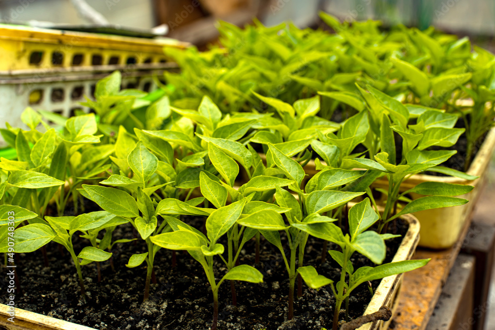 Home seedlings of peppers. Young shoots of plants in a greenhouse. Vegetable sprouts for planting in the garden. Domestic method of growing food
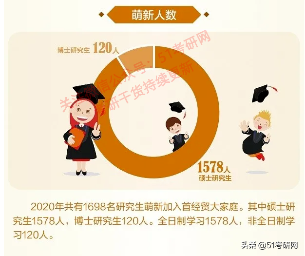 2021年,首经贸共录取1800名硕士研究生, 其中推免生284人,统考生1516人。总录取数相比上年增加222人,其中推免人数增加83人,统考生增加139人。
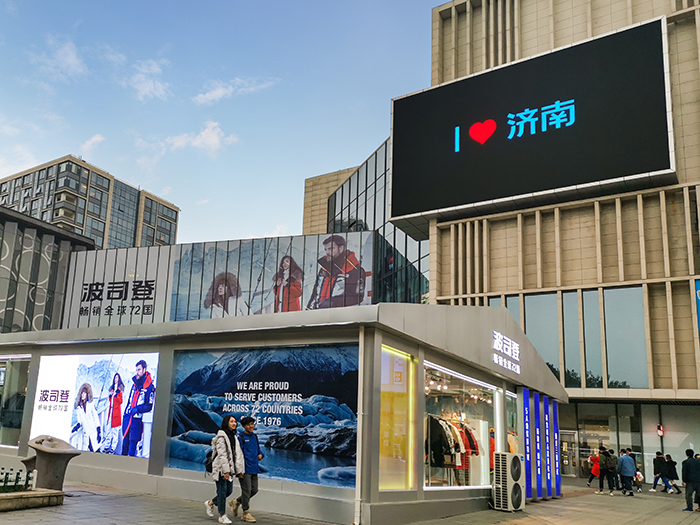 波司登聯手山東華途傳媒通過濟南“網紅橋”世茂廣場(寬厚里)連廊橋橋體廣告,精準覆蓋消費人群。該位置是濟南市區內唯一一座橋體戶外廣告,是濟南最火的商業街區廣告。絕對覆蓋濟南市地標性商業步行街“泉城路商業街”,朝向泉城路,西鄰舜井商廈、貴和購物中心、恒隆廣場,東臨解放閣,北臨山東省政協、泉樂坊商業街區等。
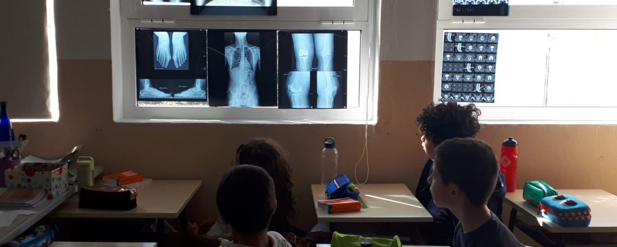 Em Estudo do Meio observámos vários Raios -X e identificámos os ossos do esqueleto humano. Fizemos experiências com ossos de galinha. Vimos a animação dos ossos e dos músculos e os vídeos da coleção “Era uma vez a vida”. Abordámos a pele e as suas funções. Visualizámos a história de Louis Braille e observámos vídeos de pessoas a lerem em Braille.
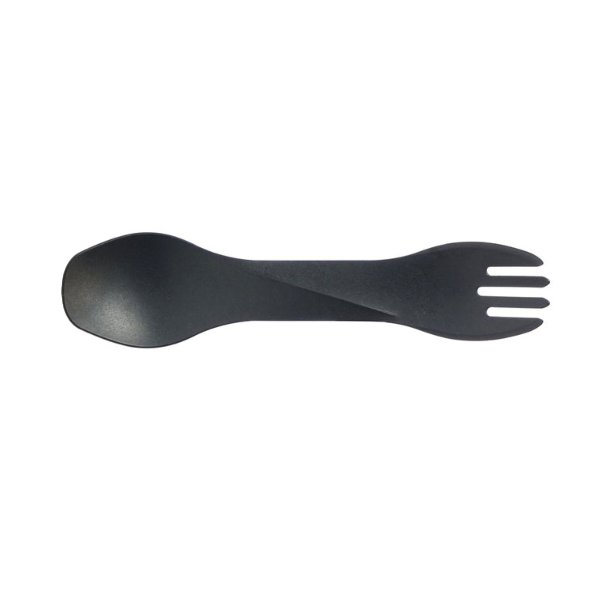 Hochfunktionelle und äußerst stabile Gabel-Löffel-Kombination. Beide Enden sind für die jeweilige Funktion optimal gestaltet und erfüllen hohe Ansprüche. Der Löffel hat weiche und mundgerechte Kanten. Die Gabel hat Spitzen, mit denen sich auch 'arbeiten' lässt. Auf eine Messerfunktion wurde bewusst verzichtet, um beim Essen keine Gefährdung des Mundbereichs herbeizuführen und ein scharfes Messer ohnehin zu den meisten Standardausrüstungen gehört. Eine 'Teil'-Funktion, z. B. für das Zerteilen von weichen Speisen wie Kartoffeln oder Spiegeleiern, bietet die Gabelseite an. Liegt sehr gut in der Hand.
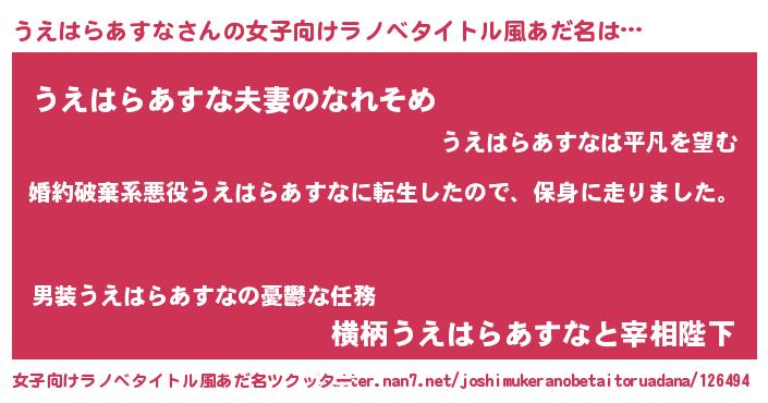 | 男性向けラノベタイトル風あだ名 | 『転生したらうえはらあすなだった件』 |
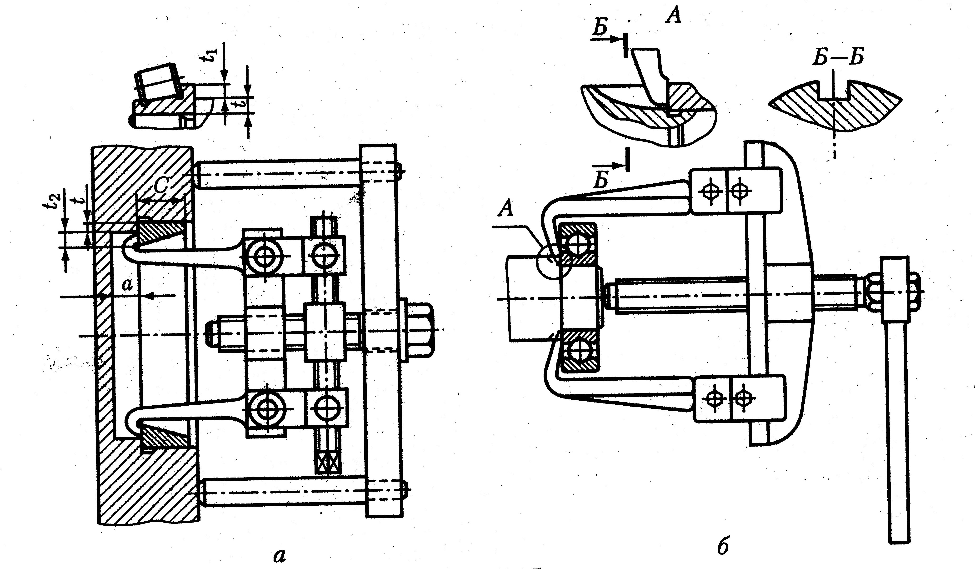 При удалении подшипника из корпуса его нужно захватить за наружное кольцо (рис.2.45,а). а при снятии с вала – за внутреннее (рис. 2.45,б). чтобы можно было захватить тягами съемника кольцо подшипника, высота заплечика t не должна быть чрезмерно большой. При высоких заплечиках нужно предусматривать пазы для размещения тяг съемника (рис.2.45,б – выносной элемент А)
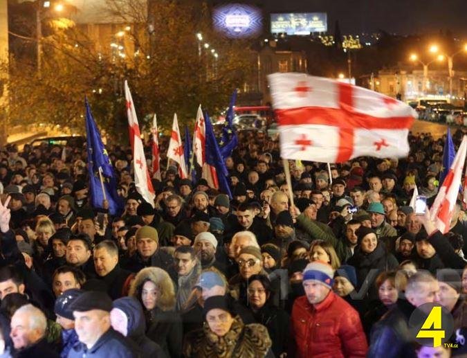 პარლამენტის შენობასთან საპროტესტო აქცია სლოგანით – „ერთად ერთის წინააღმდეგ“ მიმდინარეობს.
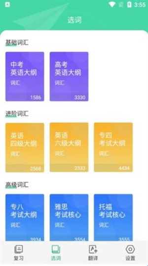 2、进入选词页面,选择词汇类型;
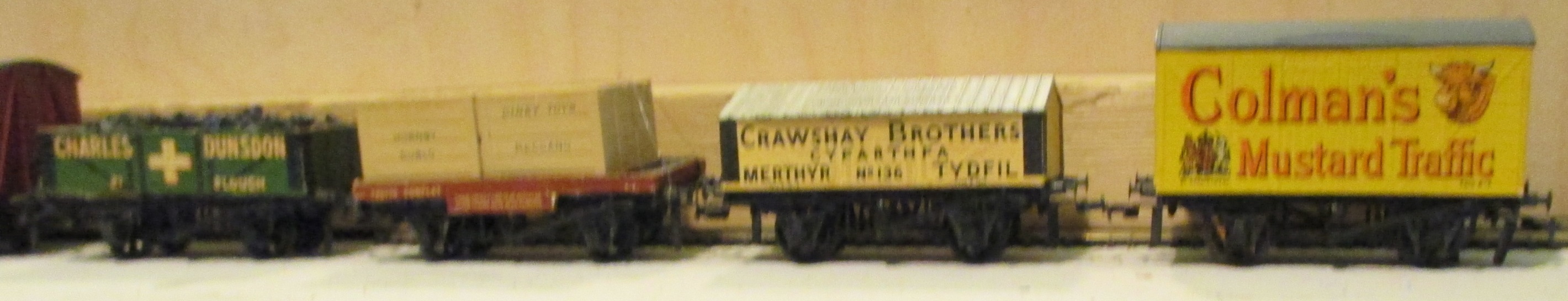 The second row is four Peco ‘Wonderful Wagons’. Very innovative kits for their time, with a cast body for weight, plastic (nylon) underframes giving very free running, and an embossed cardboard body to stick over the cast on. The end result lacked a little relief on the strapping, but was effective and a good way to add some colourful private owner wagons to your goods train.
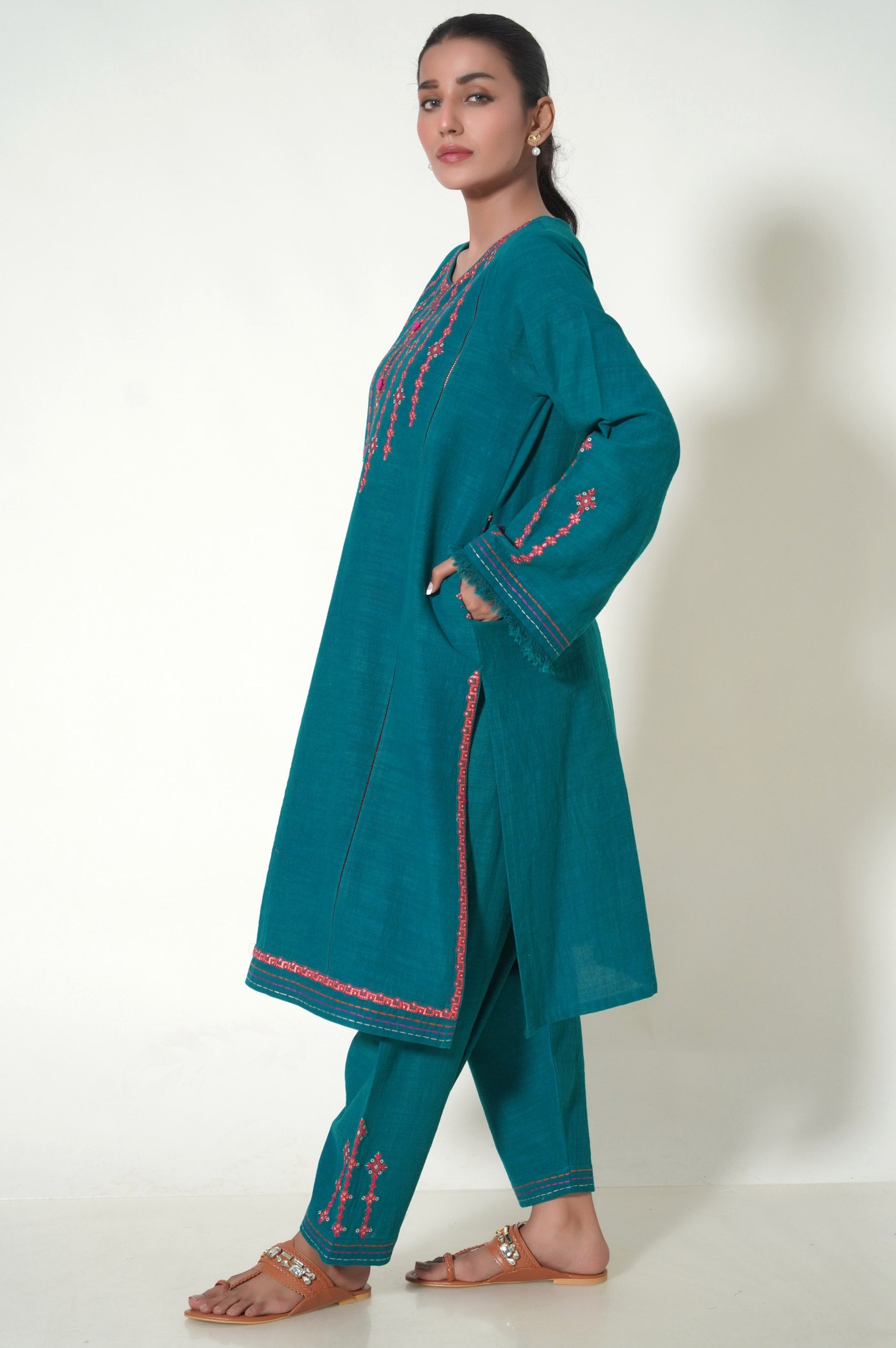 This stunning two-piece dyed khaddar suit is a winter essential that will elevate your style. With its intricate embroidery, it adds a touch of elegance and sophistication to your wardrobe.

---

### WHAT YOU NEED TO DO
Would you repeat exactly, and only, the lines from the start of the records above through the line containing "波司登聯手山東華途傳媒通過濟", with the pictures omitted?

### RESPONSE BOX
 Home seedlings of peppers. Young shoots of plants in a greenhouse. Vegetable sprouts for planting in the garden. Domestic method of growing food
 2021年,首经贸共录取1800名硕士研究生, 其中推免生284人,统考生1516人。总录取数相比上年增加222人,其中推免人数增加83人,统考生增加139人。
 波司登聯手山東華途傳媒通過濟南“網紅橋”世茂廣場(寬厚里)連廊橋橋體廣告,精準覆蓋消費人群。該位置是濟南市區內唯一一座橋體戶外廣告,是濟南最火的商業街區廣告。絕對覆蓋濟南市地標性商業步行街“泉城路商業街”,朝向泉城路,西鄰舜井商廈、貴和購物中心、恒隆廣場,東臨解放閣,北臨山東省政協、泉樂坊商業街區等。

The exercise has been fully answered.